## ACTION ITEM:
Go through the listing below and retype exactly the lines starting at the one with "Odamızda 1 ebeveyn" and ending at the one with "The issue we", skipping pictures.

## GIVEN ENTRIES:
· · · ·

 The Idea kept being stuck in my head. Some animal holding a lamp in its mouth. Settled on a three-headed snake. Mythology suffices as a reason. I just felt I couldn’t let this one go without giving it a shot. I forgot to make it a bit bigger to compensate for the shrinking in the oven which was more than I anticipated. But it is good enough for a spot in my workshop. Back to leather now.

· · · ·

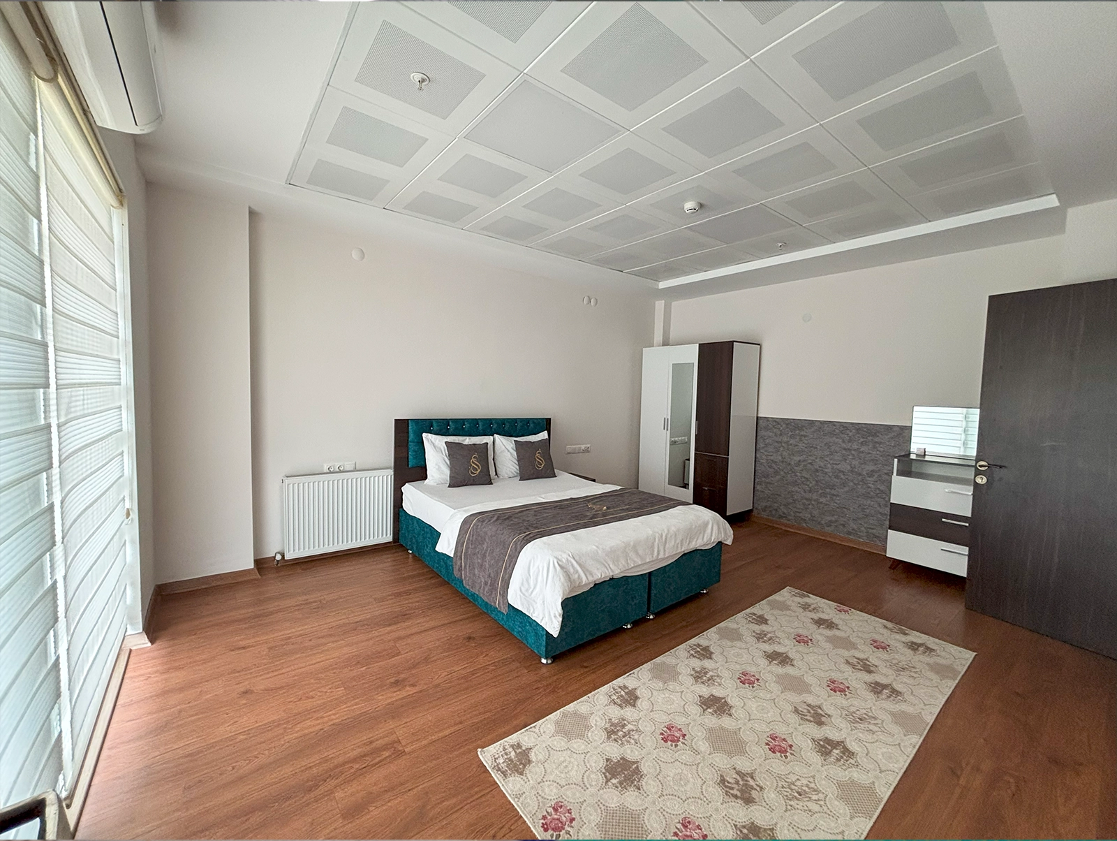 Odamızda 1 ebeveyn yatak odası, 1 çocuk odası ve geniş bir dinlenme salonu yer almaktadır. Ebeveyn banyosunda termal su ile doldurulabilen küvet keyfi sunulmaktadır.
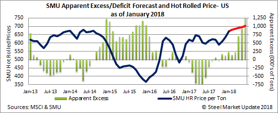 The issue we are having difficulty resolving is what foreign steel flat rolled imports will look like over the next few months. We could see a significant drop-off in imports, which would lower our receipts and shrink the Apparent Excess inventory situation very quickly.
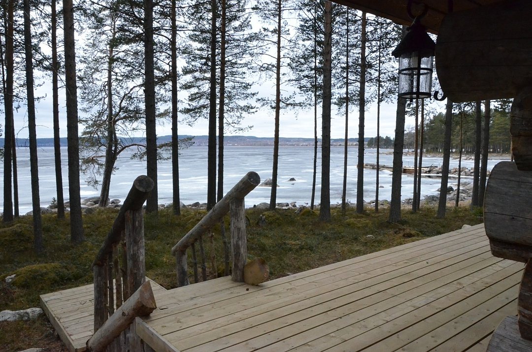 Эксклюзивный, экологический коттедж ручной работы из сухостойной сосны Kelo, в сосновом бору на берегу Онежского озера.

· · · ·

## ANSWER TO THE EXERCISE:
 Odamızda 1 ebeveyn yatak odası, 1 çocuk odası ve geniş bir dinlenme salonu yer almaktadır. Ebeveyn banyosunda termal su ile doldurulabilen küvet keyfi sunulmaktadır.
 The issue we are having difficulty resolving is what foreign steel flat rolled imports will look like over the next few months. We could see a significant drop-off in imports, which would lower our receipts and shrink the Apparent Excess inventory situation very quickly.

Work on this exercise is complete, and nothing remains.